■ **What you should do**: Within the records below, find each line that holds the string "является", then copy it.

■ **Data provided**:

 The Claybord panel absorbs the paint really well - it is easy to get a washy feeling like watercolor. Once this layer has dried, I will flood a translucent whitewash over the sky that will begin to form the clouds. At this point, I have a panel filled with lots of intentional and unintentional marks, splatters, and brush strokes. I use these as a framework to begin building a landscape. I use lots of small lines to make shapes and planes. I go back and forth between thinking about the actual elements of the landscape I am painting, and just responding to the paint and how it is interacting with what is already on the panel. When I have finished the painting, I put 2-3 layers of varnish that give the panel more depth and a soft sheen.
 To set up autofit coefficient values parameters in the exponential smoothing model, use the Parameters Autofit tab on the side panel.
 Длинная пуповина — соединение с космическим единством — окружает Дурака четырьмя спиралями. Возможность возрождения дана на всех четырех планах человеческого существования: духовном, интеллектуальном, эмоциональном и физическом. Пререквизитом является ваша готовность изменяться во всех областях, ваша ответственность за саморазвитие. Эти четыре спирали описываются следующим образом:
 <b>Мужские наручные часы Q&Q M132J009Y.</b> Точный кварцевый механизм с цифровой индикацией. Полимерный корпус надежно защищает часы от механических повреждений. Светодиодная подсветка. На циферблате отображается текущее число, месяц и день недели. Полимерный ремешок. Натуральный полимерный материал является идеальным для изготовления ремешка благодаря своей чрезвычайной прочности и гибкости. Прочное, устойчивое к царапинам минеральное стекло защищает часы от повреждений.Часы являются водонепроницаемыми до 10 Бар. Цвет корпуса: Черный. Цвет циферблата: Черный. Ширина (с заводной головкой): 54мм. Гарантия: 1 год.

--

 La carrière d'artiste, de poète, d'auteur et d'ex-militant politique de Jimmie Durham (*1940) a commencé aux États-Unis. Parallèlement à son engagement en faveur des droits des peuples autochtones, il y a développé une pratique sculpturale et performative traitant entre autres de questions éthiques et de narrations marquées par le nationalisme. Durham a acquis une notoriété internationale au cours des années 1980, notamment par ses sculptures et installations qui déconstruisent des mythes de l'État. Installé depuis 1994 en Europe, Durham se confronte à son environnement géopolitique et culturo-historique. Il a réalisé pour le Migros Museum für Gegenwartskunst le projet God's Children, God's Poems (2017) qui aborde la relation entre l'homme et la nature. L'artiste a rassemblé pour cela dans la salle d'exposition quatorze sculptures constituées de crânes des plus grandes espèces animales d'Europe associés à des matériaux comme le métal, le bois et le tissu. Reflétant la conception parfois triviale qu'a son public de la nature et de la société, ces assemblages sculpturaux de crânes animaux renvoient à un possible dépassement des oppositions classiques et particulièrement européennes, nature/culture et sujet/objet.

■ **Your solution**:
 Длинная пуповина — соединение с космическим единством — окружает Дурака четырьмя спиралями. Возможность возрождения дана на всех четырех планах человеческого существования: духовном, интеллектуальном, эмоциональном и физическом. Пререквизитом является ваша готовность изменяться во всех областях, ваша ответственность за саморазвитие. Эти четыре спирали описываются следующим образом:
 <b>Мужские наручные часы Q&Q M132J009Y.</b> Точный кварцевый механизм с цифровой индикацией. Полимерный корпус надежно защищает часы от механических повреждений. Светодиодная подсветка. На циферблате отображается текущее число, месяц и день недели. Полимерный ремешок. Натуральный полимерный материал является идеальным для изготовления ремешка благодаря своей чрезвычайной прочности и гибкости. Прочное, устойчивое к царапинам минеральное стекло защищает часы от повреждений.Часы являются водонепроницаемыми до 10 Бар. Цвет корпуса: Черный. Цвет циферблата: Черный. Ширина (с заводной головкой): 54мм. Гарантия: 1 год.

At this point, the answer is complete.